My current Ethernet status is stuck at 10 Mbps and I already tried making the Speed and Duplex 100 mbps Full duplex. Anyone know a fix? 
Thanks, 
Jack


----------



## spunk.funk (May 13, 2010)

What is your speed you are paying for from your ISP? 
Go to speedtest.net and test your internet speed.


----------



## JL2277 (Jul 19, 2015)

All other computers in my house get around 100 mbps wired. Speedtest.net by Ookla - My Results

Also what is showing me im capped at 10 mbps


----------



## spunk.funk (May 13, 2010)

What is the make and model# of your computer/motherboard? 
Go to the manufacturers Support/Download Drivers site and type in your model # and download the driver for your Ethernet/LAN device.


----------



## JL2277 (Jul 19, 2015)

Already tried


----------



## koala (Mar 27, 2005)

spunk.funk said:


> What is your speed you are paying for from your ISP?
> 
> What is the make and model# of your computer/motherboard?


----------



## JimE (Apr 16, 2009)

JL2277 said:


> All other computers in my house get around 100 mbps wired. Speedtest.net by Ookla - My Results
> 
> Also what is showing me im capped at 10 mbps


Open the properties and verify the speed and duplex settings.


----------



## JL2277 (Jul 19, 2015)

I am Paying for 110 mbps, all i know its a ASUS motherboard, very nice desktop just bought it last year.
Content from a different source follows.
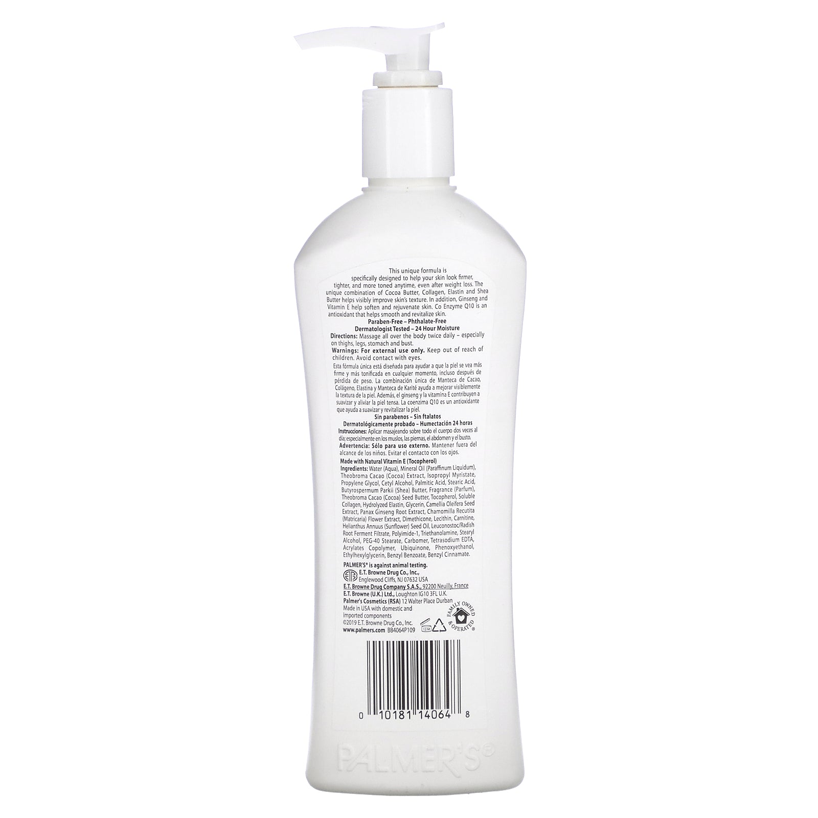 This unique formula is specifically designed to help your skin look firmer, tighter, and more toned anytime, even after weight loss. The unique combination of Cocoa Butter, Collagen, Elastin and Shea Butter helps visibly improve skin's texture. In addition, Ginseng and Vitamin E help soften and rejuvenate skin. Co Enzyme Q10 is an antioxidant that helps smooth and revitalize skin.

And here is the double check:


----------



## JimE (Apr 16, 2009)

Try a different switch port.


----------



## Superion (Oct 3, 2014)

If you're using a switch in a hybrid topology each port should run at 110mbps. But if you're connecting to a hub and say you had 11 computers connected to that hub then each computer shares that connection limiting each connection to 10mbps.


----------



## koala (Mar 27, 2005)

Try changing the value from '100 Mbps Full Duplex' to 'Auto-Negotiation', then restart your router. It might take a few minutes to reconnect.


----------



## JL2277 (Jul 19, 2015)

Still Not working...........


----------



## koala (Mar 27, 2005)

As you've already tried updating your drivers and our suggestions haven't worked, would you like me to move this thread over to the Networking forum so they can take a look?


----------



## JimE (Apr 16, 2009)

So you've tried setting it to "AUTO" and a different switch port?

What brand/model of router/switch is it connected to?


----------